AIM OF THE EXERCISE: Below is a listing; print exactly its lines from the one containing "655th Radar Squadron, main" down to the one containing "Vishaps location on map", both inclusive, with every picture left out.

DATASET EXTRACT:

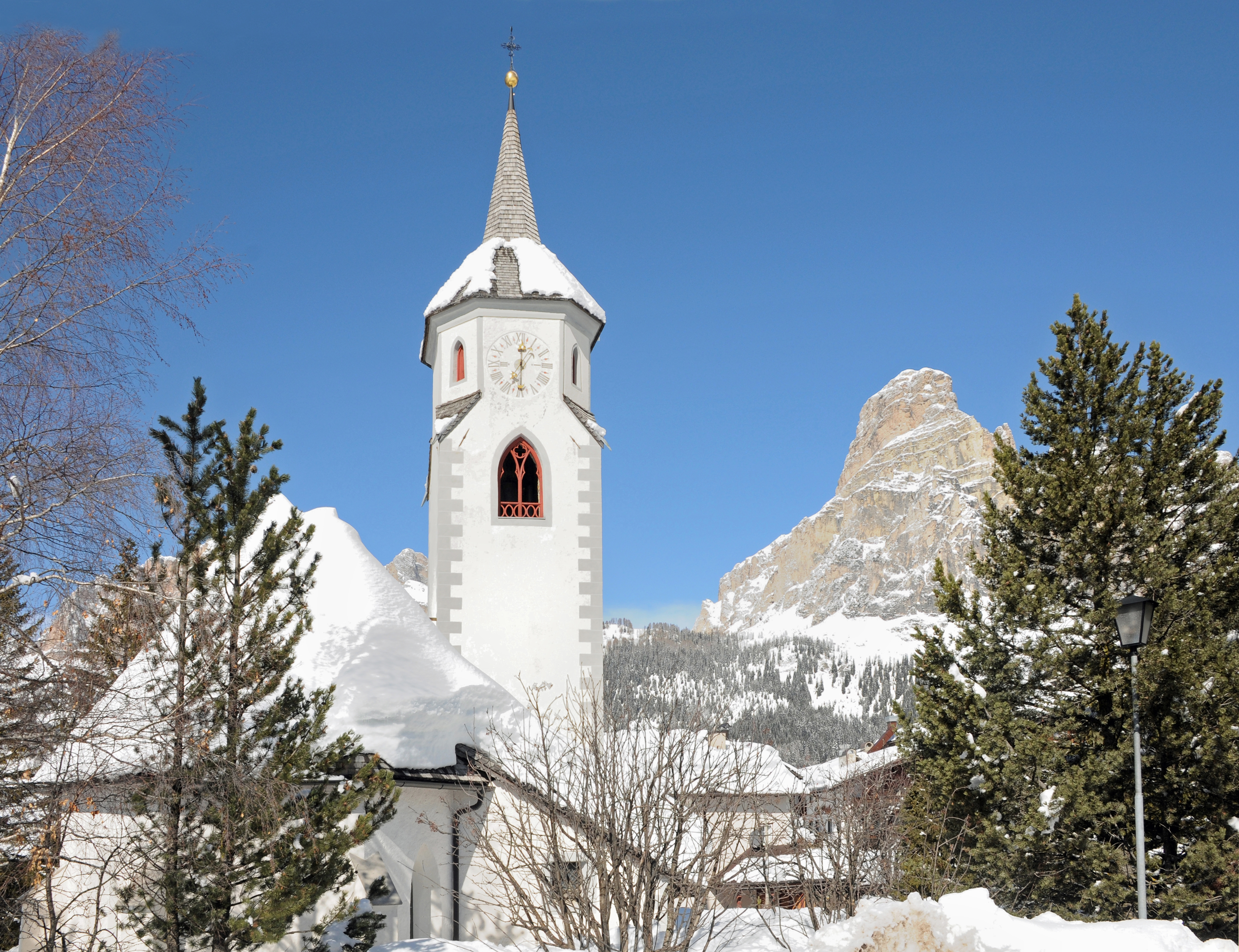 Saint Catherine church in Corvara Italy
* * *
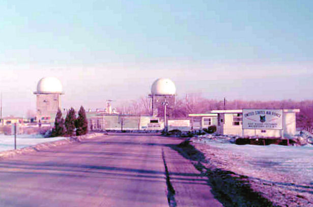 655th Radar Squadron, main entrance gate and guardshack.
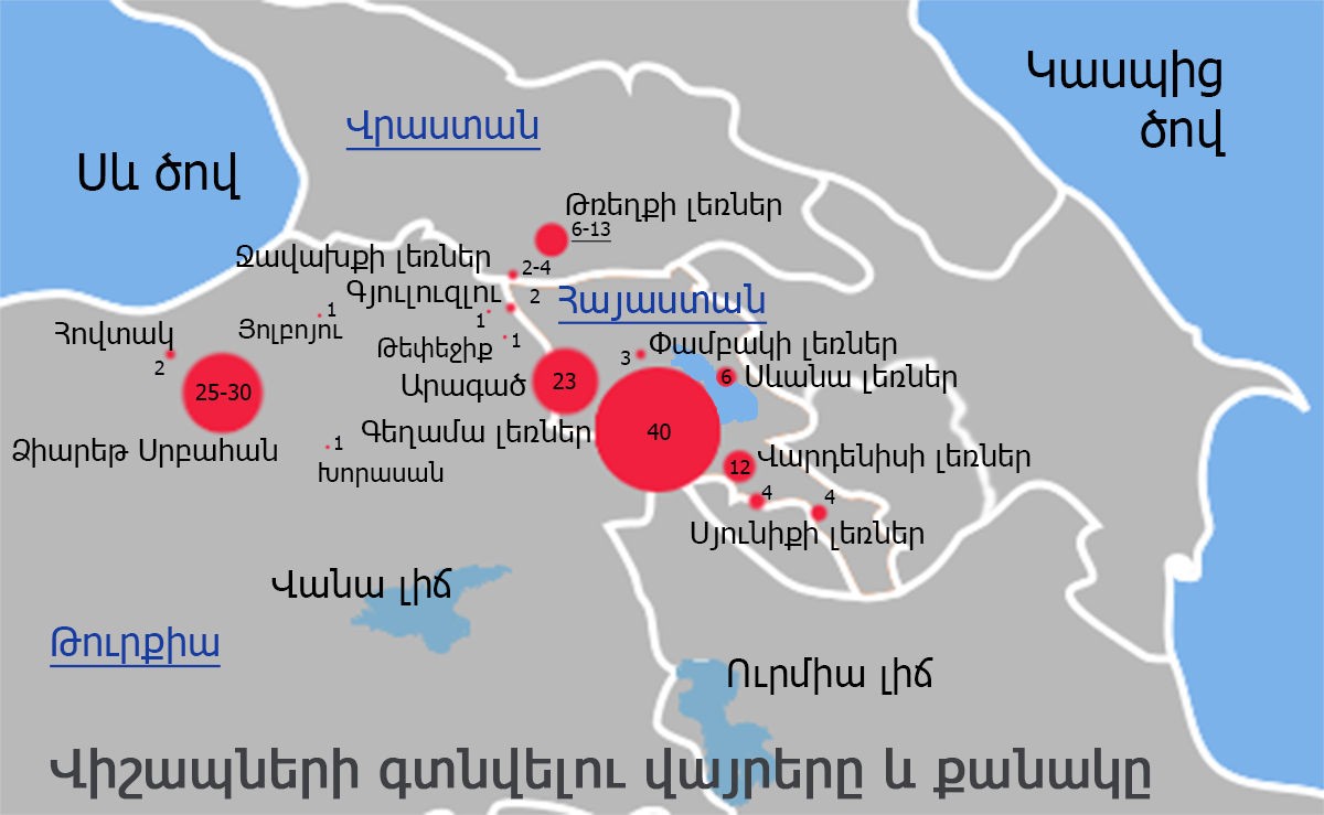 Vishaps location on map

SOLUTION:
 655th Radar Squadron, main entrance gate and guardshack.
 Vishaps location on map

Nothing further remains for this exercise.